5.3. Discussão específica do estudo 2

Historicamente, flow tem sido majoritariamente investigado em contextos de esportes, artes e ensino/aprendizagem, enquanto a investigação em contextos de trabalho e, especificamente, em temas como “motivação para o trabalho, bem-estar e desempenho” é menos frequente (Engeser & Schiepe-Tiska, 2012, p. 18).

Os dados apresentados na Tabela 2 indicam maior concentração de mensuração de flow em contextos de ensino/aprendizagem (24%), esportes (19%), trabalho (19%) e qualidade de vida, bem-estar, felicidade e autoestima (13%), o que corresponde a 75% dos 83 artigos analisados, distribuídos entre 11 contextos distintos, sugerindo tendência atual a estabelecimento de certo equilíbrio na mensuração de flow entre contextos, já que estudos em contextos de trabalho aparecem em proporção comparável aos contextos mais tradicionais. A ocorrência de casos em que não foi possível identificar o contexto da mensuração (6%) não parece comprometer os resultados dessa análise. Faz-se ressalva à possibilidade de viés decorrente da escolha das fontes primárias, já que “artes”, como contexto tradicional, não aparece como contexto em nenhum dos artigos analisados.

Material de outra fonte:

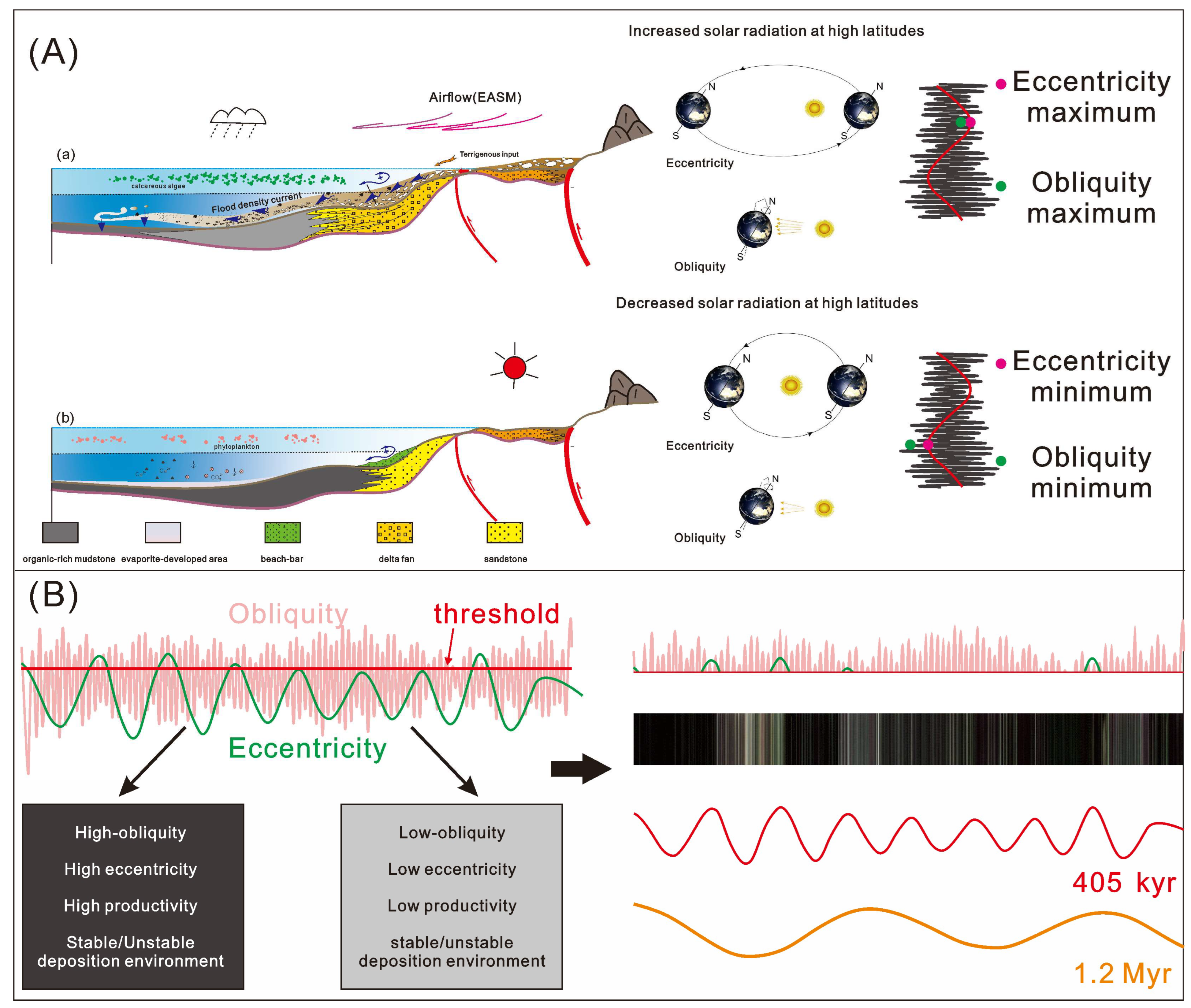 - Regional climate variability during the mid-late Eocene is governed by forcing associated with eccentricity and obliquity. Warm and humid conditions preferentially occur during intervals of coupled high eccentricity and high obliquity. Obliquity-driven forcing modulates East Asian hydroclimate cyclicity by regulating the intensity of the East Asian summer monsoon, potentially promoting a northward migration of the ITCZ. A reinforced cross-equatorial insolation gradient and pressure contrast facilitate moisture transport into the Northern Hemisphere during boreal summer. High-latitude ice sheets may further exert feedback effects within the climate system. Moreover, the superposition of orbital bands likely induces hydroclimate oscillations through nonlinear climate responses, which, in turn, drives differentiated sedimentary processes.

Quanto às escalas de mensuração de flow, os dados apresentados na Tabela 3 indicam que apesar da maior concentração de estudos com aplicação das escalas FSS e FSS-2 (21,7%), observa-se considerável variedade de escalas que se propõem a medir flow (28 escalas no total) e combinações/associações entre escalas para fins específicos,

como é o caso da aplicação de ESM com questionário específico (14,5%) e escalas específicas (14,5%).

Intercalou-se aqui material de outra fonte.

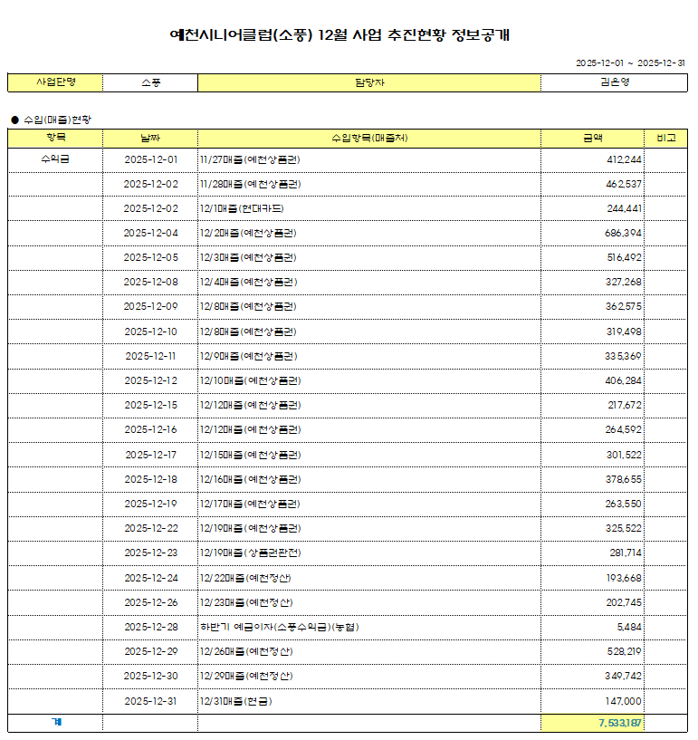 2025년 12월 예천시니어클럽(소풍) 정보공개 페이지 정보 작성자 관리자 작성일26-01-06 10:56 조회36회 댓글0건 본문 댓글목록 등록된 댓글이 없습니다. 이전글 다음글 목록

Há inserções e remoções de itens (indicadas pelos sinais “+” e “-” na coluna Complemento da Tabela 3) em escalas consolidadas como questionário de flow (Csikszentmihalyi, 1982), FSS, FSS-2 e DFS2 (Jackson & Eklund, 2002), FKS (Rheinberg et al., 2003), WOLF (Bakker, 2008) e Short (9-Item) Flow Scale (Martin & Jackson, 2008). Essas inserções e remoções são justificadas em função de especificidades de cada estudo, como argumentado pelos autores (p.ex: Koehn et al., 2013; Ng et al., 2011; Schüler & Brunner, 2009).

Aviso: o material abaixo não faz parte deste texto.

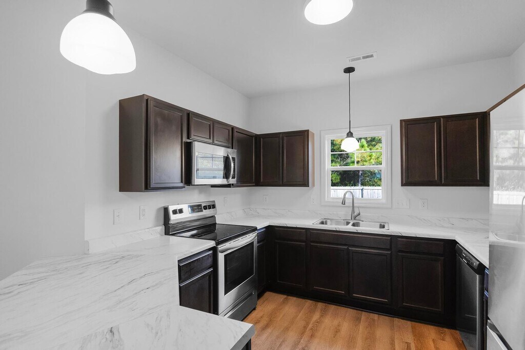 Welcome home to this charming 3-bedroom, 2.5-bath townhome with a garage in Holly Ridge—just minutes from Surf City shopping, beautiful beaches, and an easy jump onto Hwy 17 for a quick commute to Camp Lejeune or Wilmington. Step into the inviting open-concept living area, featuring a spacious kitchen outfitted with stainless steel appliances. The stylish wallpapered half bath downstairs adds a fun pop of personality. Upstairs, fall in love with the expansive primary suite, boasting a huge walk-in closet and a luxurious private bath with a walk-in shower featuring dual shower heads and a dual vanity. Two additional bedrooms and a full hall bath provide plenty of space for family, guests, or a home office. Additionally, a convenient laundry closet—complete with a washer and dryer—makes daily living effortless. Relax on your covered back patio overlooking the fully fenced yard, perfect for summer evenings and outdoor enjoyment. We strive to provide an experience that is cost-effective and convenient. That’s why we provide a Resident Benefits Package (RBP) to address common headaches for our residents. Our program handles insurance, identity protection, pest control, air filter changes, utility set up, credit building, rent rewards, group rate internet, and more at a rate of $53.95/month or $68.95/month with pest control, plus $65.00 for group rate internet/month, added to every property as a required program. More details upon application. Most homes come with high speed internet up to 1 Gig at a special group rate, with premium support and setup to get you connected fast at move-on.

Há ainda associações esperadas como aquelas que envolvem FSS-2 e DFS2 (Jackson & Eklund, 2002) ou ESM com variantes do questionário de flow (Csikszentmihalyi, 1982; Csikszentmihalyi & Csikszentmihalyi, 1988), desenvolvidas em conjunto, e associações emergentes como ESM com FKS (Rheinberg et al., 2003) ou ESM com WOLF (Bakker, 2008).

Associações entre escalas previamente e individualmente validadas, no entanto, não estão passíveis de crítica. Alguns autores têm justificado a opção por ESM em função da validade do método (p.ex: Bassi & Delle-Fave, 2012; Shernoff & Vandell, 2007), atribuída a validações prévias (em geral referenciando Csikszentmihalyi & Larson, 1987). Essas justificativas são usadas como amparo à não validação ou revalidação do questionário em uso. No entanto, considerando-se que ESM tem sido empregado em conjunto com variadas formas de questionário, muitas vezes com acréscimos de particularidades – inserção ou remoção de questões – atribuir validade ao método em função de validações prévias é questionável quando se analisa o rigor na construção de escalas psicométricas (Cronbach & Meehl, 1955). Entende-se que questionários que contenham quaisquer especificidades requerem validação específica, já que a validade depende dos “tipos de itens, situações e pessoas” (Larson & Csikszentmihalyi, 1983, p. 54) envolvidos na pesquisa.

Em contexto de trabalho, observa-se maior concentração de escalas específicas e ESM com questionários específicos na mensuração de flow. Há menor incidência de associações entre escalas e inserções/remoções de itens específicos. No entanto, o domínio de escalas específicas construídas por meio de junção de escalas de vários autores, sugere que as duas escalas identificadas como específicas para mensuração de flow em trabalho, isto é, Utrecht Work Engagement Scale (UWES; Schaufeli et al.,

2002) e Work-related flow inventory scale (WOLF, Bakker, 2008), têm sido preteridas à construção de escalas específicas.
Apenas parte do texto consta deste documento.